There's friction and loss each time. Shut down 8chan, and someone sets up 9chan. But not every 8chan user will migrate. Some won't be arsed, some won't know about the new place, some won't like whoever set it up, etc, etc. Each time you shut them down, yes they pop back up, but each time a little weaker than before. Keep this up for a while - slap down any new site months or ideally weeks or days after it's established - and after a year there'd be hardly anyone left trying to follow the moving target still. Shut them down, and you're not done. You need to keep shutting them down.
posted by Dysk at 2:44 AM on July 6, 2019 [32 favorites]


It would need to be confirmed by other Mefites in Australia, but you can't get to 8chan without a VPN. Seriously. The same for certain torrent sites, too but 8chan seemed more difficult then just getting to the Pirate Bay.
posted by jadepearl at 2:53 AM on July 6, 2019 [1 favorite]


Unfortunately I think there is some truth to Brennan's statement , “If 4chan ceased existing, they would go to another site. If 8chan ceased existing they would go to another site. And the same patterns would repeat over and over.”

That seems to be something of an article of faith rather than an empirical fact:
https://medium.com/acm-cscw/you-cant-stay-here-the-efficacy-of-reddit-s-2015-ban-examined-through-hate-speech-93f22b140f26

That particular study is limited in scope since it couldn't track the same users' activities on other websites, but it at least seems to refute the idea that they would just carry on the same behavior to the same level in new or other subreddits.
posted by Wandering Idiot at 3:18 AM on July 6, 2019 [9 favorites]

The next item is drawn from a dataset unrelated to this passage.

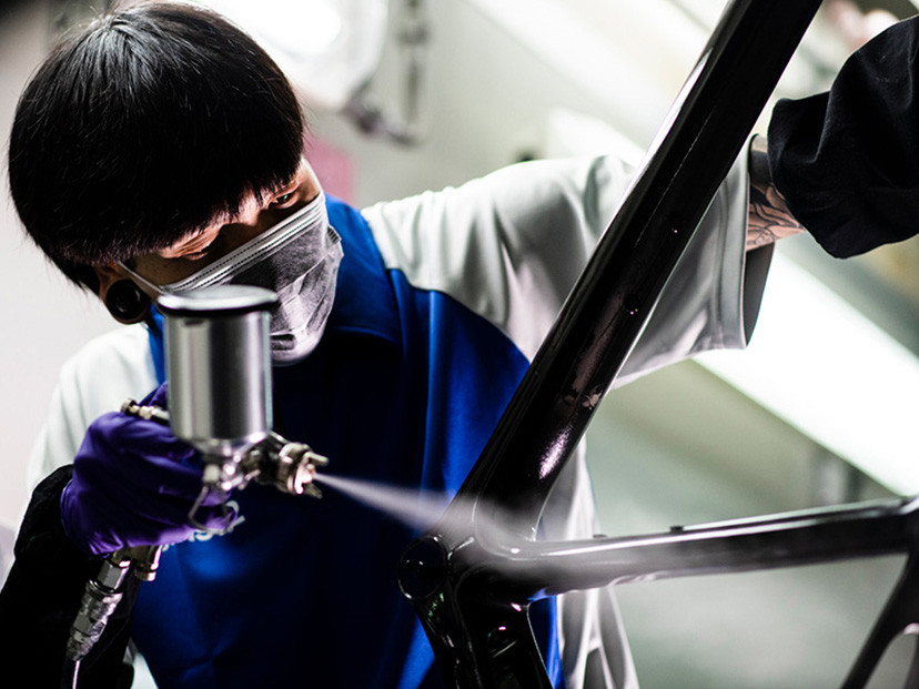 そこでGIANTはカーボン工場に多額の投資をして カーボンシートをカットする際に寸分の狂いがないようにレーザーカットを採用しました。 さらにカーボン紙の貼り付けも個体差がないように、ロボットアームを採用したことにより、最上位のSLグレードでは100g近く軽量化していて、剛性も向上しているのです。
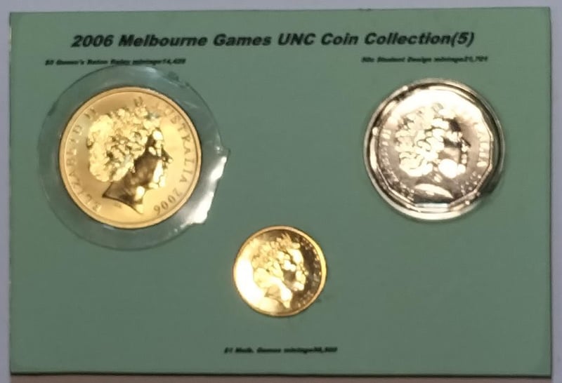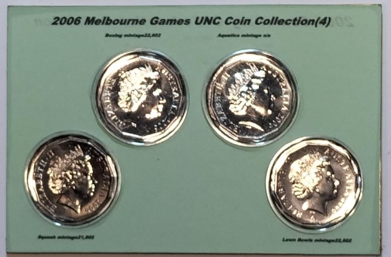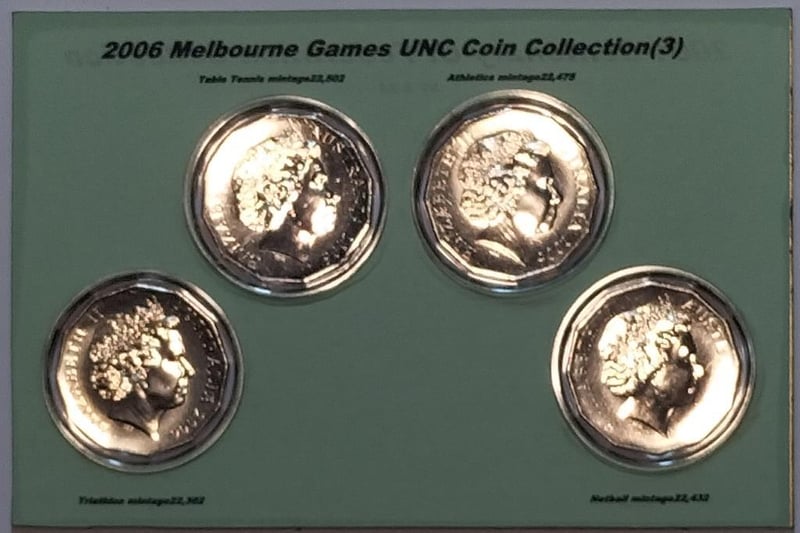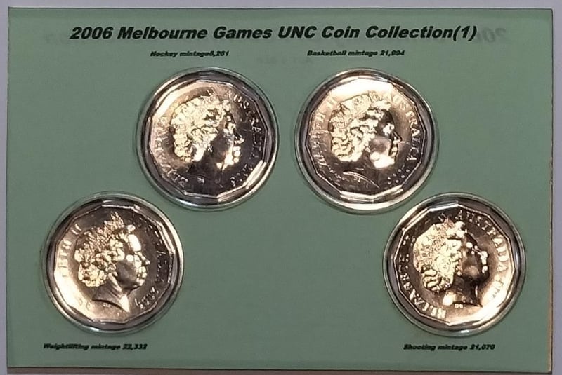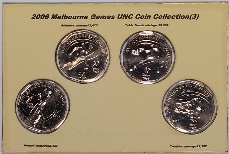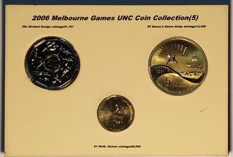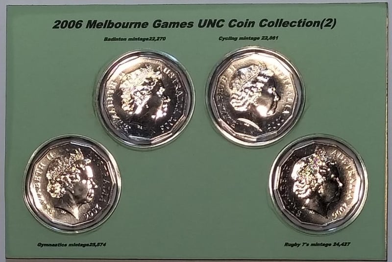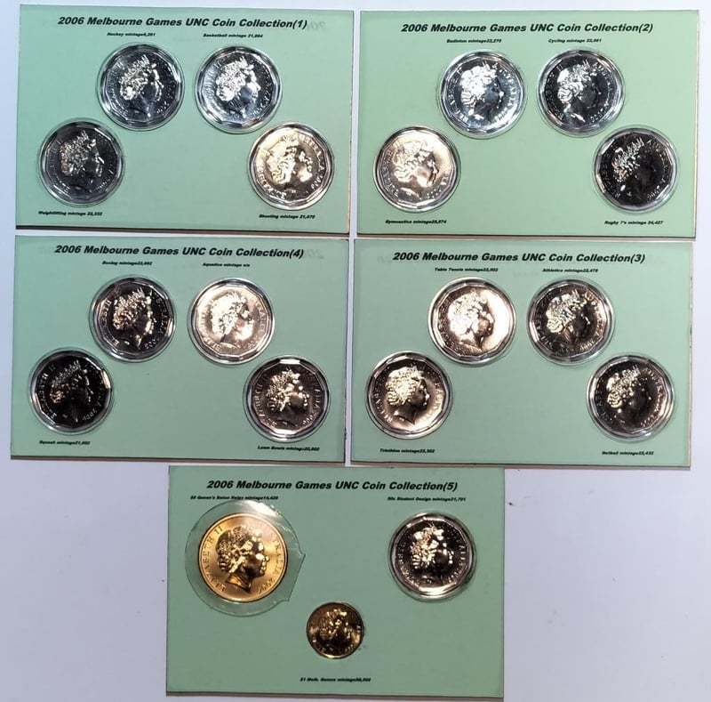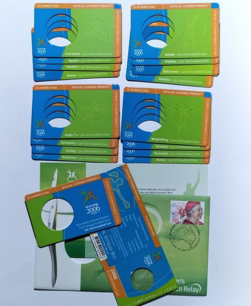 2006 MELBOURN XVIII COMMONWEALTH GAMES 50C COIN SET 16+3 Include: 16Xsport 50C; 1Xstudent Design 50C; 1X $5 Queen Baton Relay; And 1X$1 Melb.Games(Extra). 19 Coins In Total. Condition: UNCEx Mint Card/Pnc23528+17

The drop in the ubiquity of torrent sites is also evidence of shutdowns working. New torrrent sites have popped up, ways to circumvent the blocks on them exist... but torrenting things was far more commonplace years ago than it is now, in no small part because of continually putting roadblocks in the way of accessing torrent sites.
posted by Dysk at 3:25 AM on July 6, 2019 [14 favorites]


It would need to be confirmed by other Mefites in Australia, but you can't get to 8chan without a VPN.

Certainly seems that way on this connection at least. I didn't actually want to see the front page of /pol/ so I'm reasonably ok with this.
posted by deadwax at 4:19 AM on July 6, 2019


"Brennan’s views on eugenics were unarguably appalling, but they should also be seen in the context of his experience."

Nah.
posted by Lentrohamsanin at 7:41 AM on July 6, 2019 [42 favorites]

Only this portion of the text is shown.